#### Source material ####

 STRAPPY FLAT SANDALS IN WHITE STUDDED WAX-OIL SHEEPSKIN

####
#### Source material ####

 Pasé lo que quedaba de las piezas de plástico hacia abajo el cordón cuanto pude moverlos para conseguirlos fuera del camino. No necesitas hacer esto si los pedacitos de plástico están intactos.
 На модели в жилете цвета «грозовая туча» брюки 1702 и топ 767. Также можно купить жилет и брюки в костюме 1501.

####

**Exercise directions**
Only one stretch of the records above is wanted: the lines between the one holding "Pasé lo que" and the one holding "На модели в", inclusive, reproduced exactly.

**Result for this exercise**
 Pasé lo que quedaba de las piezas de plástico hacia abajo el cordón cuanto pude moverlos para conseguirlos fuera del camino. No necesitas hacer esto si los pedacitos de plástico están intactos.
 На модели в жилете цвета «грозовая туча» брюки 1702 и топ 767. Также можно купить жилет и брюки в костюме 1501.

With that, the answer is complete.